Approximating language, as used herein throughout the specification and claims, may be applied to modify any quantitative representation that could permissibly vary without resulting in a change in the basic function to which it is related. Accordingly, a value modified by a term or terms, such as “about,” “approximately,” and “substantially,” are not to be limited to the precise value specified. In at least some instances, the approximating language may correspond to the precision of an instrument for measuring the value. Here and throughout the specification and claims, range limitations may be combined and/or interchanged, such ranges are identified and include all the sub-ranges contained therein unless context or language indicates otherwise.

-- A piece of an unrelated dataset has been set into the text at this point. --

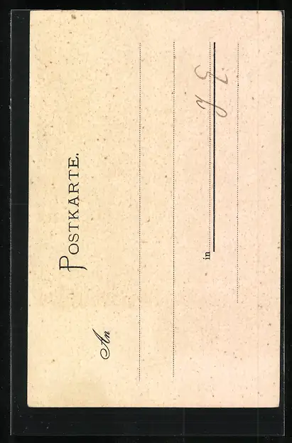 Personenbezogene Daten auf der Rückseite der Karte wurden durch blauen Textmarker unkenntlich gemacht. Die blauen Stellen sind auf die Vorderseite durchgeweicht und wirken sich negativ auf das Postkartenfoto aus

One skilled in the art will appreciate further features and advantages of the invention based on the above-described implementations. Accordingly, the present application is not to be limited by what has been particularly shown and described, except as indicated by the appended claims. All publications and references cited herein are expressly incorporated by reference in their entirety.

The present disclosure has been described above by way of example only within the context of the overall disclosure provided herein. It will be appreciated that modifications within the spirit and scope of the claims may be made without departing from the overall scope of the present disclosure.